GIVEN DATA:
*** Begin section ***
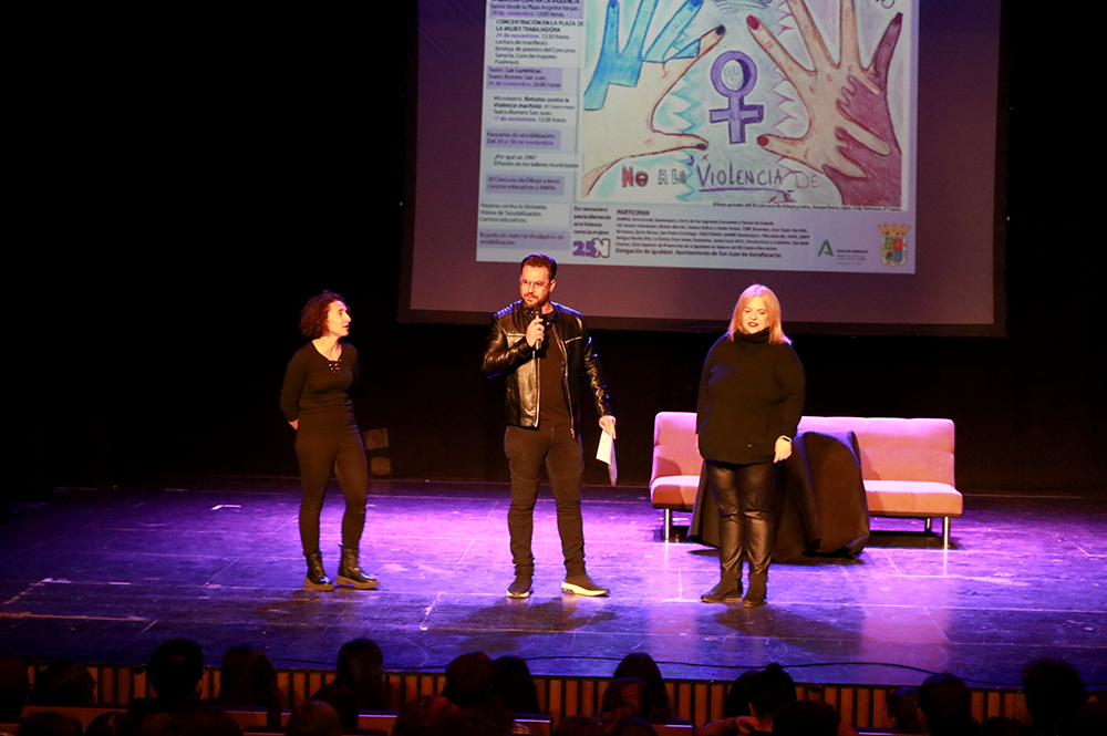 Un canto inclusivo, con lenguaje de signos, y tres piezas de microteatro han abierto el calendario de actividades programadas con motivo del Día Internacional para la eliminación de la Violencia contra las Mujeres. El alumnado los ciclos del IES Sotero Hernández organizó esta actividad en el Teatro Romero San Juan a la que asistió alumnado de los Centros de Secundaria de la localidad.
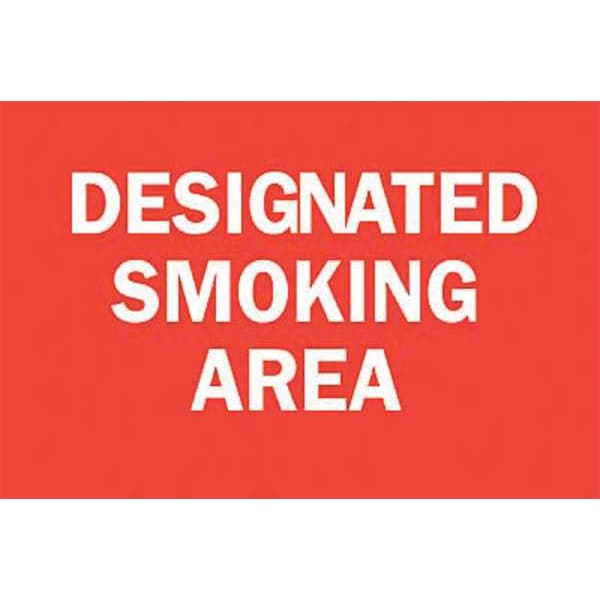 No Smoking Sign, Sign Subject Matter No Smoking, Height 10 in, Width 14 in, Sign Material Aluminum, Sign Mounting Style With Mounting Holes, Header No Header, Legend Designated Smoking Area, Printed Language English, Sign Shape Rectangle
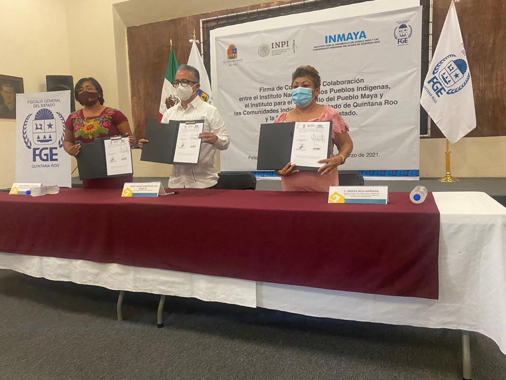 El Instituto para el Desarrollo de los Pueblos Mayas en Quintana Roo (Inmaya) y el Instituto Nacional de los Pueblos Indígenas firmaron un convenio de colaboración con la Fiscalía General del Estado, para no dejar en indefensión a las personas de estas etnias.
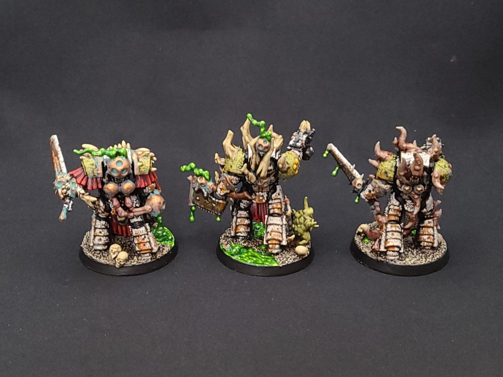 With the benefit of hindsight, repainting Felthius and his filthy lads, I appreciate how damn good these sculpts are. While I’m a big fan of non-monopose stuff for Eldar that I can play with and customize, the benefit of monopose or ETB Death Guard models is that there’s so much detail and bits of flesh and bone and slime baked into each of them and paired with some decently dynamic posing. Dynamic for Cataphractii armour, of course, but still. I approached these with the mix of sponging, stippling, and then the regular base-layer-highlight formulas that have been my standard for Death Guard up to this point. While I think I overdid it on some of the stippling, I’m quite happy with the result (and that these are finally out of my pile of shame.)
*** End section ***
ASSIGNED TASK: Transcribe all the data word for word; the images stay out.

ANSWER TO THE EXERCISE:
 Un canto inclusivo, con lenguaje de signos, y tres piezas de microteatro han abierto el calendario de actividades programadas con motivo del Día Internacional para la eliminación de la Violencia contra las Mujeres. El alumnado los ciclos del IES Sotero Hernández organizó esta actividad en el Teatro Romero San Juan a la que asistió alumnado de los Centros de Secundaria de la localidad.
 No Smoking Sign, Sign Subject Matter No Smoking, Height 10 in, Width 14 in, Sign Material Aluminum, Sign Mounting Style With Mounting Holes, Header No Header, Legend Designated Smoking Area, Printed Language English, Sign Shape Rectangle
 El Instituto para el Desarrollo de los Pueblos Mayas en Quintana Roo (Inmaya) y el Instituto Nacional de los Pueblos Indígenas firmaron un convenio de colaboración con la Fiscalía General del Estado, para no dejar en indefensión a las personas de estas etnias.
 With the benefit of hindsight, repainting Felthius and his filthy lads, I appreciate how damn good these sculpts are. While I’m a big fan of non-monopose stuff for Eldar that I can play with and customize, the benefit of monopose or ETB Death Guard models is that there’s so much detail and bits of flesh and bone and slime baked into each of them and paired with some decently dynamic posing. Dynamic for Cataphractii armour, of course, but still. I approached these with the mix of sponging, stippling, and then the regular base-layer-highlight formulas that have been my standard for Death Guard up to this point. While I think I overdid it on some of the stippling, I’m quite happy with the result (and that these are finally out of my pile of shame.)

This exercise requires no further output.